Task statement: Retype all the entries word for word, but omit the pictures.

Dataset extract:

================================

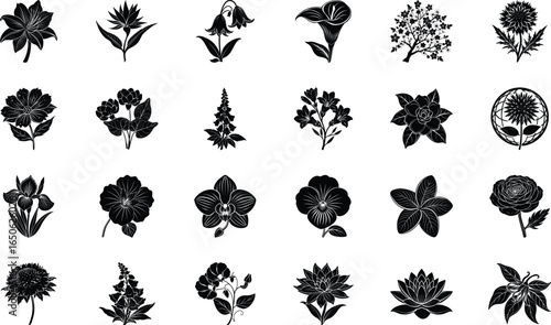 Black Floral Silhouette Vector Icons Collection – Decorative Botanical Flowers, Plants, and Nature Clipart Bundle for Logos, Patterns, Invitations, Crafts, and Digital Graphic Design
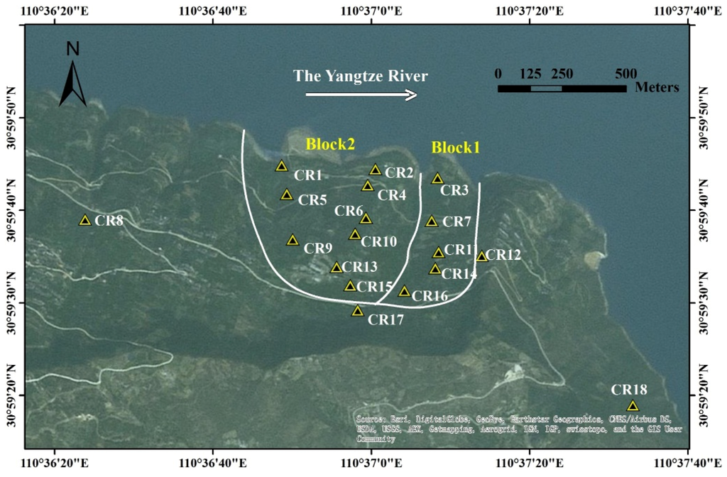 From Figure 4 we can see that in the past, a valley has divided the Shuping landslide into eastern Block 1 and western Block 2 portions. Since 2005, 18 corner reflectors have been installed sparsely at Shuping landslide to help understand the landslide evolution [53,54], as presented in Figure 5. Out of the 18 corner reflectors, four (CR8, CR13, CR17, CR18) showed up only on images acquired after 24 January 2009. Among them, corner reflector CR12 is located on a stable area outside but adjoined to the landslide and thus was used as a reference point [50].
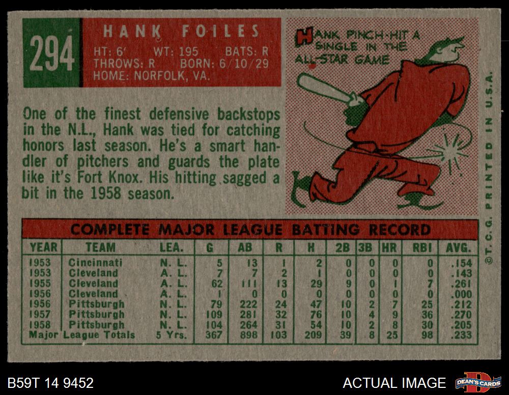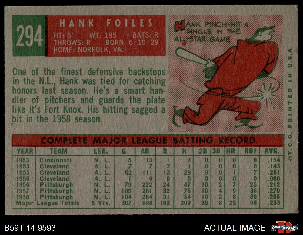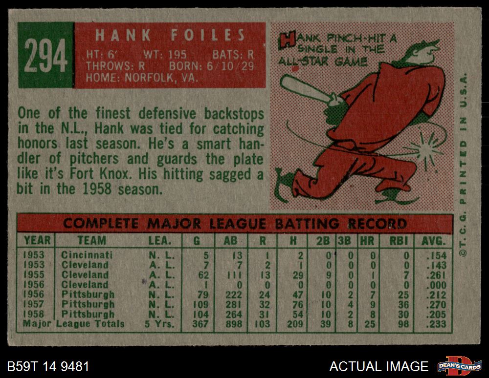 1959 Topps #294 Hank Foiles
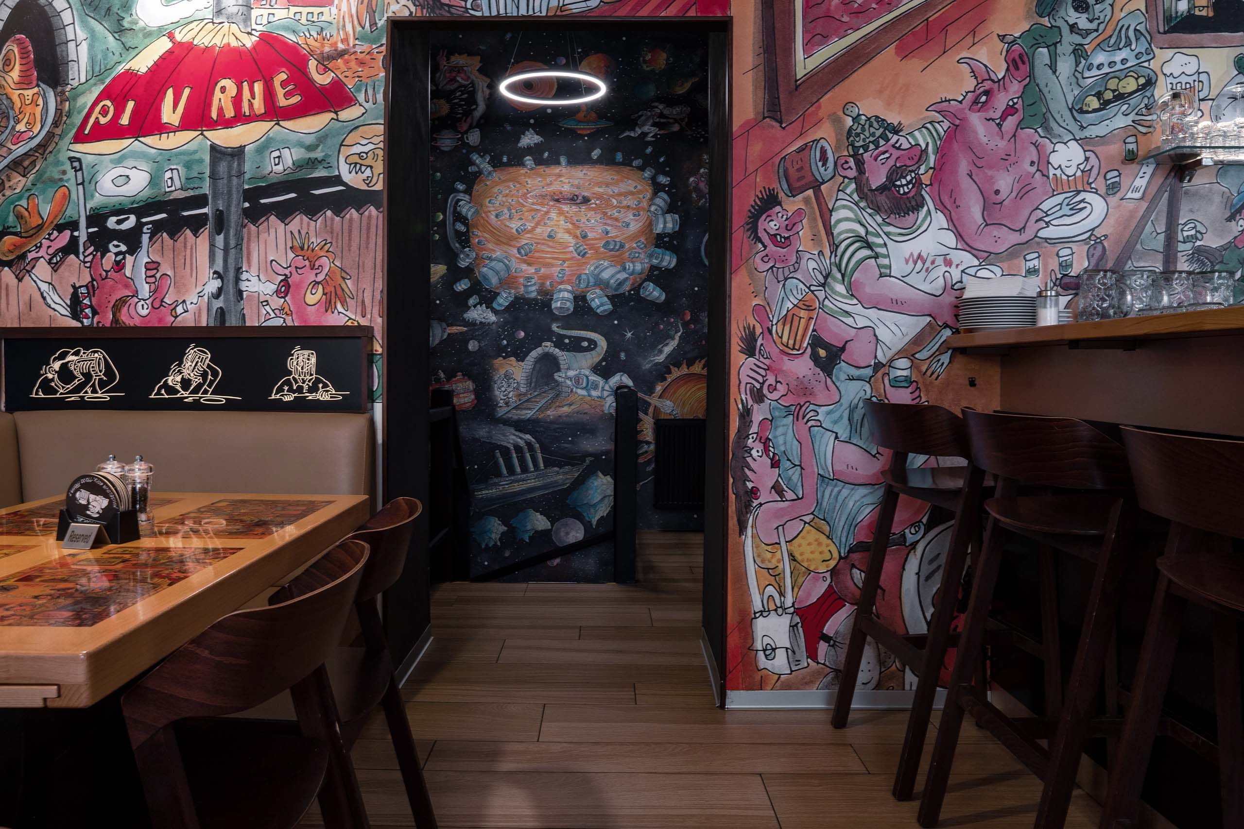 The „U Pivrnce“ restaurant network, with locations in Maiselova, Hradčany, and Žatecká, is a popular choice in Prague for those seeking a traditional Czech pub experience with a unique artistic twist. Each restaurant is decorated with humorous and provocative caricatures inspired by the work of Petr Urban, creating an authentic and lively atmosphere.
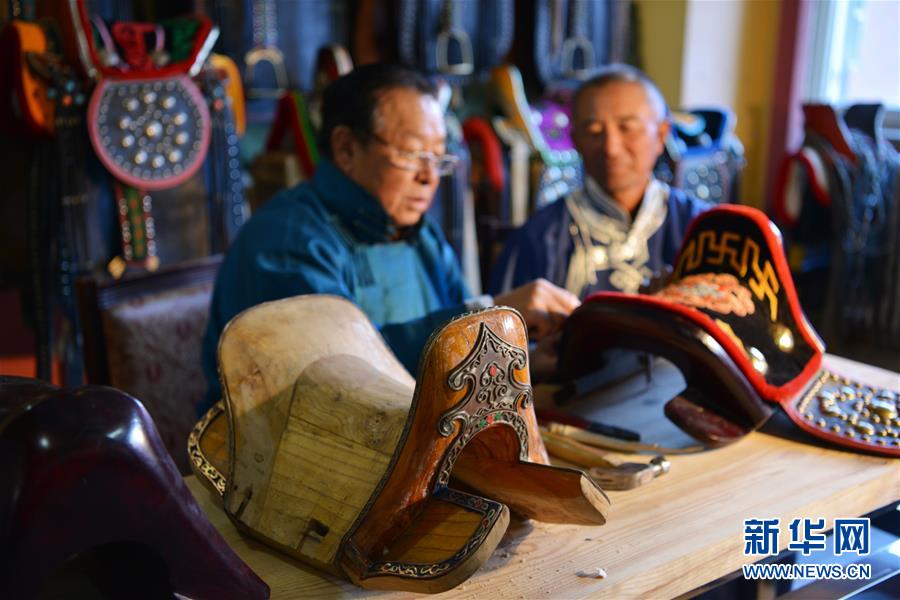 10月31日,在內(nèi)蒙古自治區(qū)通遼市科爾沁左翼后旗,套格敦白乙(左)向徒弟關嘎扎布傳授制作馬鞍的技巧。新華社記者鄒予攝
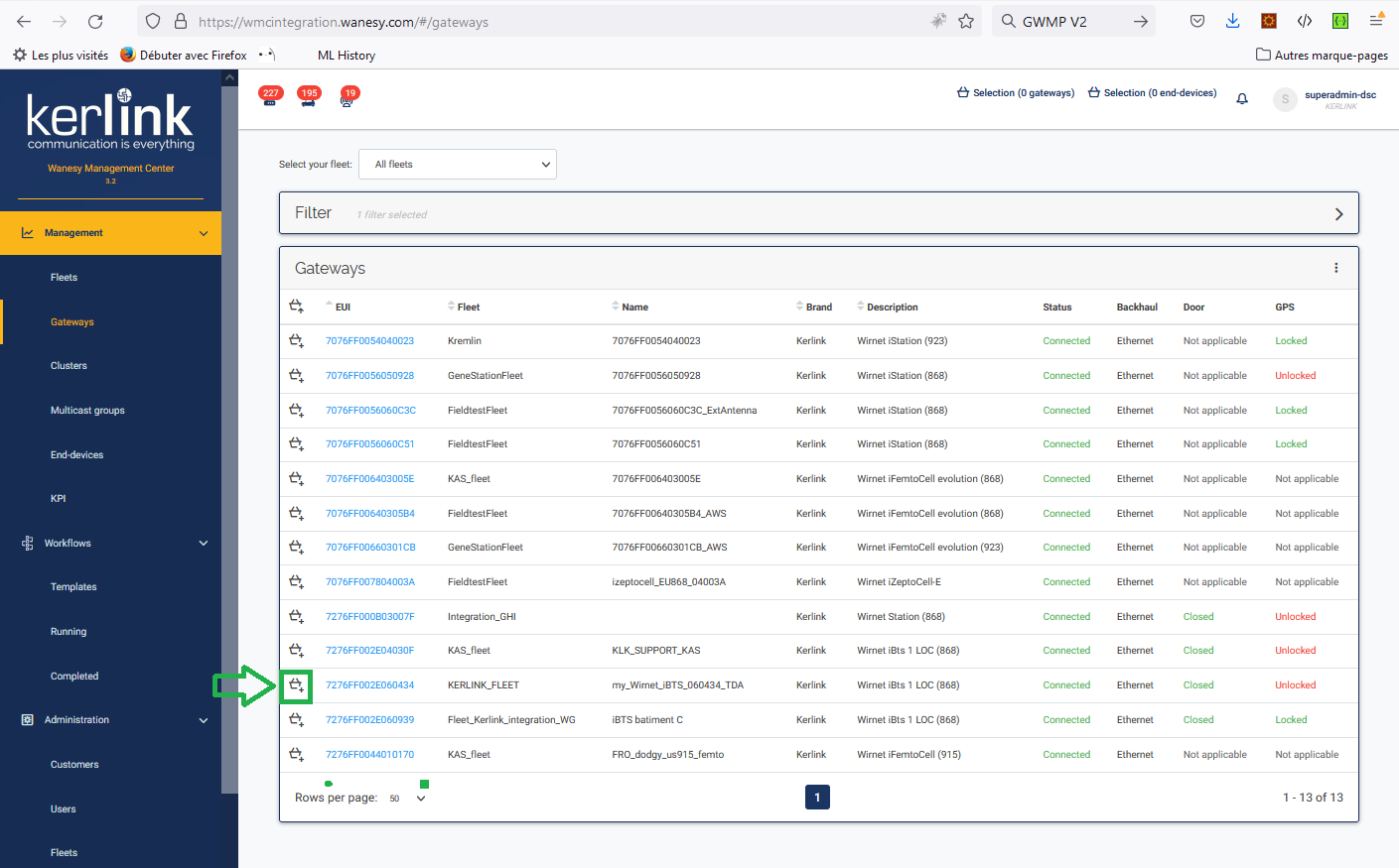 Select all the gateways you want to enable the Message Buffering feature. Care to select the same type of gateways (iSeries gateways or Wirnet Stations).
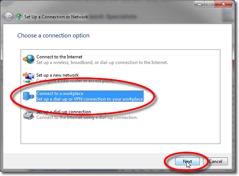 On the next screen, click on ‘Connect to a workplace’ then click ‘Next’.
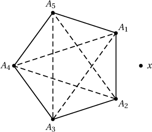 Иймд аль нэг 5 оройгоор үүсэх хэсэг нь $C_5$ байсан гэе. Үлдэх оройг $x$ гэе. Зурагт үзүүлсэнтэй адилаар ирмэгийг хэрчмээр, ирмэг бишийг тасархай шугамаар холбосон байг.
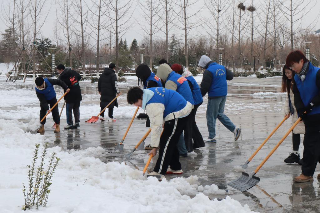 3月3日下午,公司积极响应学校号召,组织员工干部和入党积极分子开展志愿铲雪活动。在老师的带领下,数十名员工骨干不畏严寒,齐心协力清理校园内积雪,为师生出行开辟安全通道。
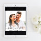 Moderne dustige blaue Hochzeitseinladung mit der Einladung in eleganter weißer Typografie auf der einen Seite und dem Foto überlagert mit "Happily Ever After" in einem schicken Drehbuch mit Swashes, Vornamen und Hochzeitsdatum, verbunden mit einem Herz auf der anderen Seite.
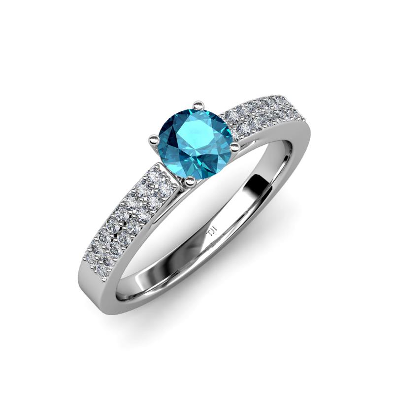 Your loved one will be completely swept off of her feet once she gaze this 1.37 ct tw Engagement Ring which is enhanced by a stunning Center London Blue Topaz,while the shank features a double row of diamonds set in Prong Set making the moment magical.
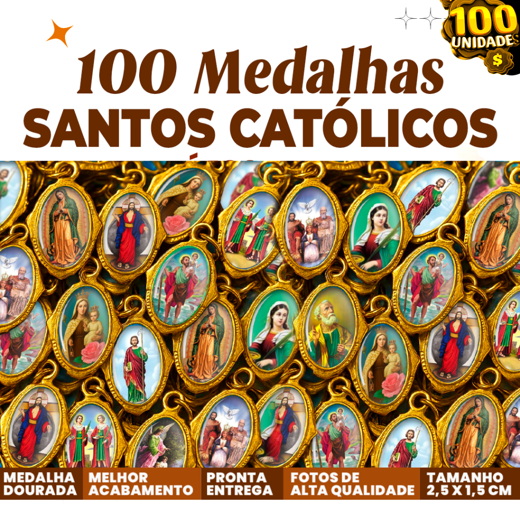 | 100 Unidades - Medalha Católica Dourada: Escolha entre Vários Santo... este produto | R$ 48,90 | 18% | 4.9/5 | 30 |
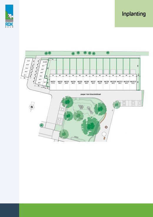 Dit nieuwbouwproject met dertien woningen wordt gerealiseerd aan de Jaspar van Kinschotstraat te Turnhout. Hiervoor werd de bestaande weg verlengd waardoor er een nieuwe, eigentijdse verkaveling werd gerealiseerd. Er is hierbij niet enkel plaats voor bebouwing, maar ook voor openbaar groen. Dankzij een charmant groen pleintje vormt deze verkaveling een rustig geheel waar het aangenaam wonen is. Een van de grote troeven van dit project is zijn mooie ligging. U woont hier immers in het hart van Turnhout waardoor alle nodige winkels en gezellige horecazaken zich op fietsafstand bevinden. Bij het ontwerp van de woningen werd bewust gekozen voor een moderne architectuur waardoor dit project een eigentijdse uitstraling krijgt. Ook binnen werd er veel aandacht geschonken aan woonkwaliteit. Zo hebben alle woningen een ruime, lichte woonkamer met open keuken. Hierbij staan de leefruimtes in direct contact met de achtertuin waardoor u ook van binnenuit kunt genieten van uw volledig aangelegde tuin. Op de eerste verdieping vindt u telkens drie slaapkamers, een extra berging en een mooie badkamer met bad en douche. De percelen hebben oppervlaktes die variëren van 140 m² tot 219 m². De achtertuinen van de woningen zijn bereikbaar met een kruiwagenpaadje zodat u niet door de woning moet om tot in de tuin te geraken. Parkeren gebeurt gegroepeerd. Zo wordt er aan elke woning een carport gekoppeld waardoor u uw auto vlak bij de deur overdekt kunt stallen.
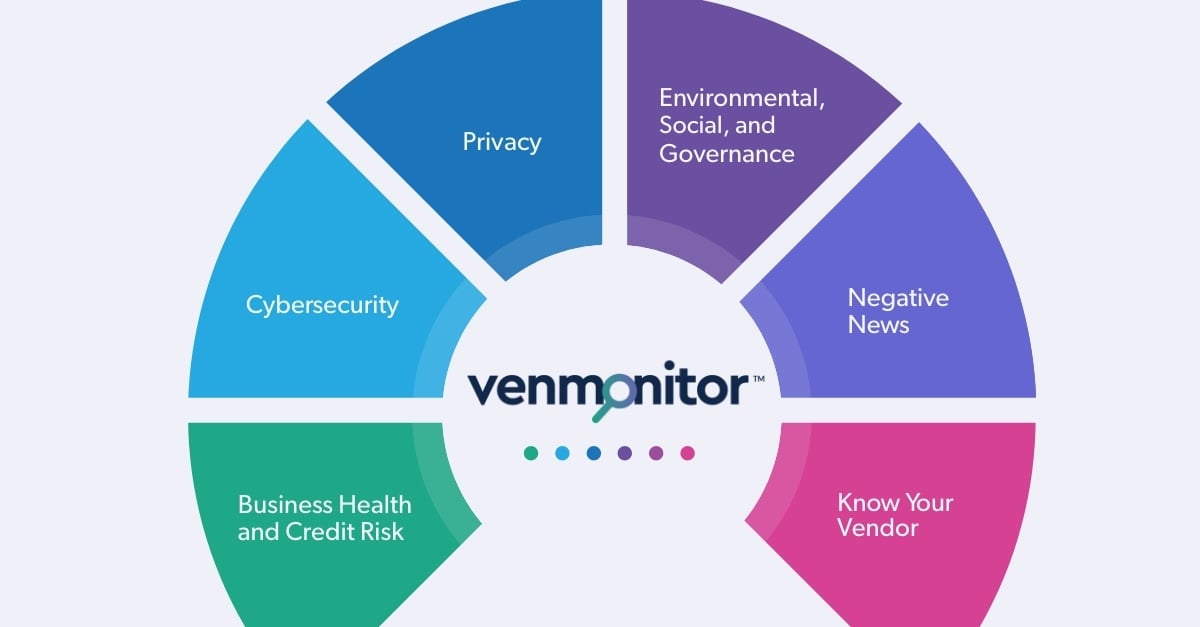 • Cybersecurity: Third-party vendors can be an organization’s weakest link and leave them vulnerable to data breaches, compromising customer data. Venmonitor™ provides access to cybersecurity data and scores received from multiple leading cybersecurity monitoring partners.
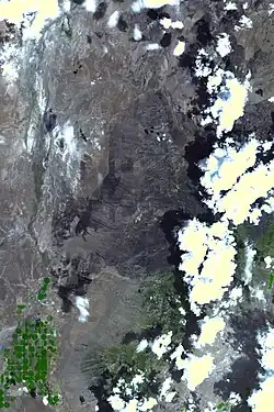 ![]() Satellite picture of the burn scar of the Milford Flat Fire taken on July 17, 2007 | |

================================

Task output:
 Black Floral Silhouette Vector Icons Collection – Decorative Botanical Flowers, Plants, and Nature Clipart Bundle for Logos, Patterns, Invitations, Crafts, and Digital Graphic Design
 From Figure 4 we can see that in the past, a valley has divided the Shuping landslide into eastern Block 1 and western Block 2 portions. Since 2005, 18 corner reflectors have been installed sparsely at Shuping landslide to help understand the landslide evolution [53,54], as presented in Figure 5. Out of the 18 corner reflectors, four (CR8, CR13, CR17, CR18) showed up only on images acquired after 24 January 2009. Among them, corner reflector CR12 is located on a stable area outside but adjoined to the landslide and thus was used as a reference point [50].
 1959 Topps #294 Hank Foiles
 The „U Pivrnce“ restaurant network, with locations in Maiselova, Hradčany, and Žatecká, is a popular choice in Prague for those seeking a traditional Czech pub experience with a unique artistic twist. Each restaurant is decorated with humorous and provocative caricatures inspired by the work of Petr Urban, creating an authentic and lively atmosphere.
 10月31日,在內(nèi)蒙古自治區(qū)通遼市科爾沁左翼后旗,套格敦白乙(左)向徒弟關嘎扎布傳授制作馬鞍的技巧。新華社記者鄒予攝
 Select all the gateways you want to enable the Message Buffering feature. Care to select the same type of gateways (iSeries gateways or Wirnet Stations).
 On the next screen, click on ‘Connect to a workplace’ then click ‘Next’.
 Иймд аль нэг 5 оройгоор үүсэх хэсэг нь $C_5$ байсан гэе. Үлдэх оройг $x$ гэе. Зурагт үзүүлсэнтэй адилаар ирмэгийг хэрчмээр, ирмэг бишийг тасархай шугамаар холбосон байг.
 3月3日下午,公司积极响应学校号召,组织员工干部和入党积极分子开展志愿铲雪活动。在老师的带领下,数十名员工骨干不畏严寒,齐心协力清理校园内积雪,为师生出行开辟安全通道。
 Moderne dustige blaue Hochzeitseinladung mit der Einladung in eleganter weißer Typografie auf der einen Seite und dem Foto überlagert mit "Happily Ever After" in einem schicken Drehbuch mit Swashes, Vornamen und Hochzeitsdatum, verbunden mit einem Herz auf der anderen Seite.
 Your loved one will be completely swept off of her feet once she gaze this 1.37 ct tw Engagement Ring which is enhanced by a stunning Center London Blue Topaz,while the shank features a double row of diamonds set in Prong Set making the moment magical.
 | 100 Unidades - Medalha Católica Dourada: Escolha entre Vários Santo... este produto | R$ 48,90 | 18% | 4.9/5 | 30 |
 Dit nieuwbouwproject met dertien woningen wordt gerealiseerd aan de Jaspar van Kinschotstraat te Turnhout. Hiervoor werd de bestaande weg verlengd waardoor er een nieuwe, eigentijdse verkaveling werd gerealiseerd. Er is hierbij niet enkel plaats voor bebouwing, maar ook voor openbaar groen. Dankzij een charmant groen pleintje vormt deze verkaveling een rustig geheel waar het aangenaam wonen is. Een van de grote troeven van dit project is zijn mooie ligging. U woont hier immers in het hart van Turnhout waardoor alle nodige winkels en gezellige horecazaken zich op fietsafstand bevinden. Bij het ontwerp van de woningen werd bewust gekozen voor een moderne architectuur waardoor dit project een eigentijdse uitstraling krijgt. Ook binnen werd er veel aandacht geschonken aan woonkwaliteit. Zo hebben alle woningen een ruime, lichte woonkamer met open keuken. Hierbij staan de leefruimtes in direct contact met de achtertuin waardoor u ook van binnenuit kunt genieten van uw volledig aangelegde tuin. Op de eerste verdieping vindt u telkens drie slaapkamers, een extra berging en een mooie badkamer met bad en douche. De percelen hebben oppervlaktes die variëren van 140 m² tot 219 m². De achtertuinen van de woningen zijn bereikbaar met een kruiwagenpaadje zodat u niet door de woning moet om tot in de tuin te geraken. Parkeren gebeurt gegroepeerd. Zo wordt er aan elke woning een carport gekoppeld waardoor u uw auto vlak bij de deur overdekt kunt stallen.
 • Cybersecurity: Third-party vendors can be an organization’s weakest link and leave them vulnerable to data breaches, compromising customer data. Venmonitor™ provides access to cybersecurity data and scores received from multiple leading cybersecurity monitoring partners.
 ![]() Satellite picture of the burn scar of the Milford Flat Fire taken on July 17, 2007 | |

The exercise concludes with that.